In hindsight, I shouldn't have been surprised. My education, social class, and upbringing allow me the privilege of throwing around words like "victim blaming" without having to explain what it really means, why it happens or what its consequences are. I hear the reason people blame a victim is to distance themselves from an unpleasant occurrence and thereby confirm their own invulnerability to the risk. By labelling or accusing the victim, others can see the victim as different from themselves. People reassure themselves by thinking, "Because I am not like her, because I do not do that, this would never happen to me." So I write it off as mostly a social problem. And of course, a form of moral policing, which we engage in to make ourselves feel better.
But moral policing, whether we realise it or not, has severe consequences. Sometimes it costs lives. And these consequences affect women and girls disproportionately because of the sense of entitlement society feels in regulating and policing a woman's body and sexuality. Unfortunately, for Bangladesh, this moral policing is not simply limited to being a social problem. It is supported by legal structures that were put in place hundreds of years ago and have rendered themselves irrelevant.
The reason we propagate the existence of a state-facilitated legal, political, economic system is that we assume they are fairer, more equal and more humane than the justice system offered by informal courts or local arbitration. However, given the existence of acts like the Evidence Act, one must wonder if that is the case at all? Are we enabling a judiciary system that perpetuates violence against women and girls in the same disproportionate manner that would be perpetuated in a local arbitration process? Why is there a necessity of exploring a rape survivor's sexual history in court?

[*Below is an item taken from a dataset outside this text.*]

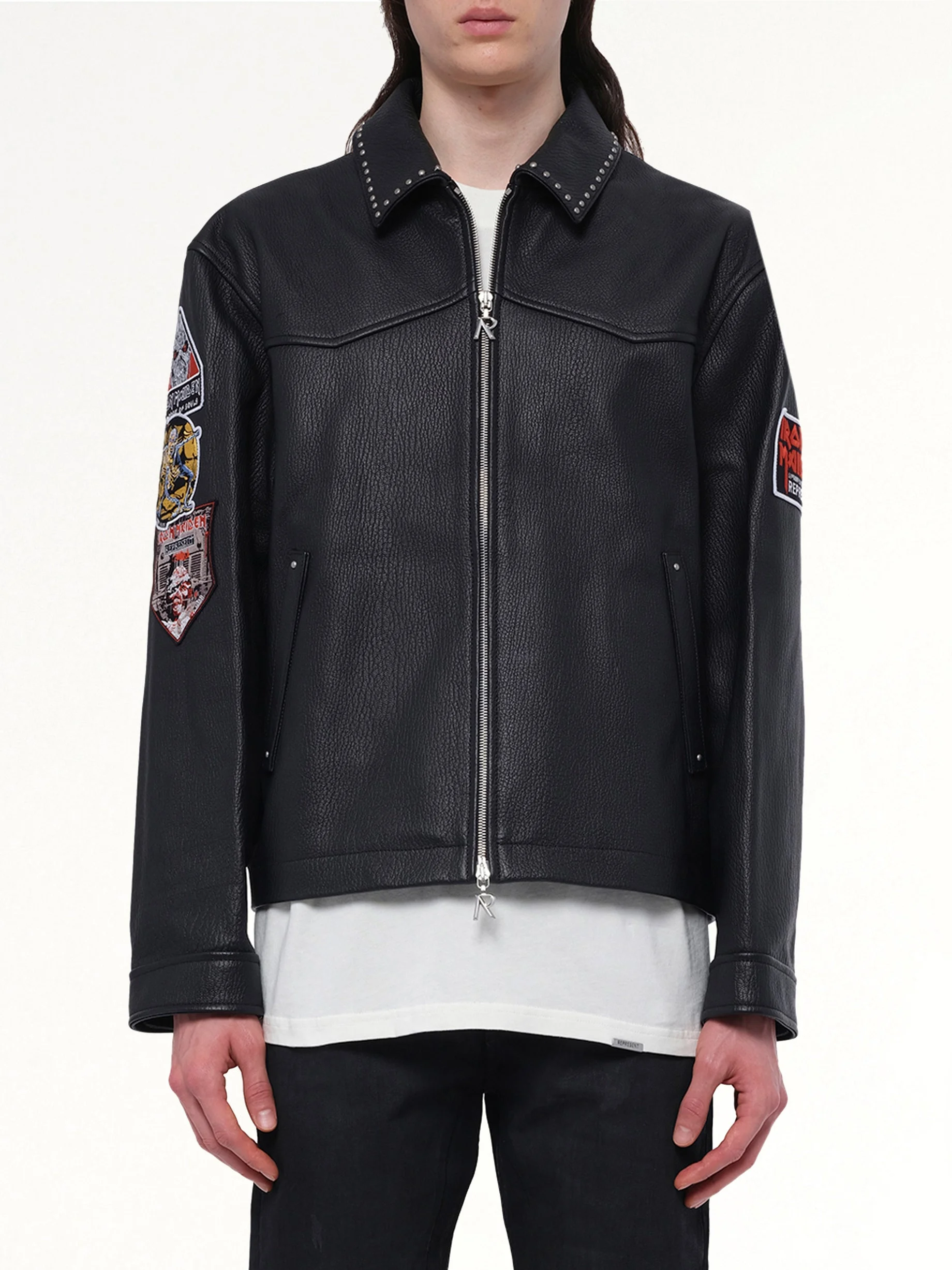 Iron Maiden Trooper Leather Jacket in Jet Black

In Rima's case, she was not raped. But we can only assume she must have been dehumanised and ill-treated to the point that she was forced to take her own life. Now, we must ask, had this not been a local arbitration process, had the case been brought to court, would she have been treated with any more respect?
The right of the defence to arraign the survivor's character and question her about her personal history is one of the most serious obstacles in achieving justice that should have no place in our legal system. But it does because there is a social system in place that justifies it.
There is a saying that "Law does not define society. It reflects society". The law serves as a mirror. So, how do we feel about the face that is staring back at us in the mirror?
Syeda Shagufe Hossain is the founder of Leaping Boundaries and a member of the editorial team at The Daily Star.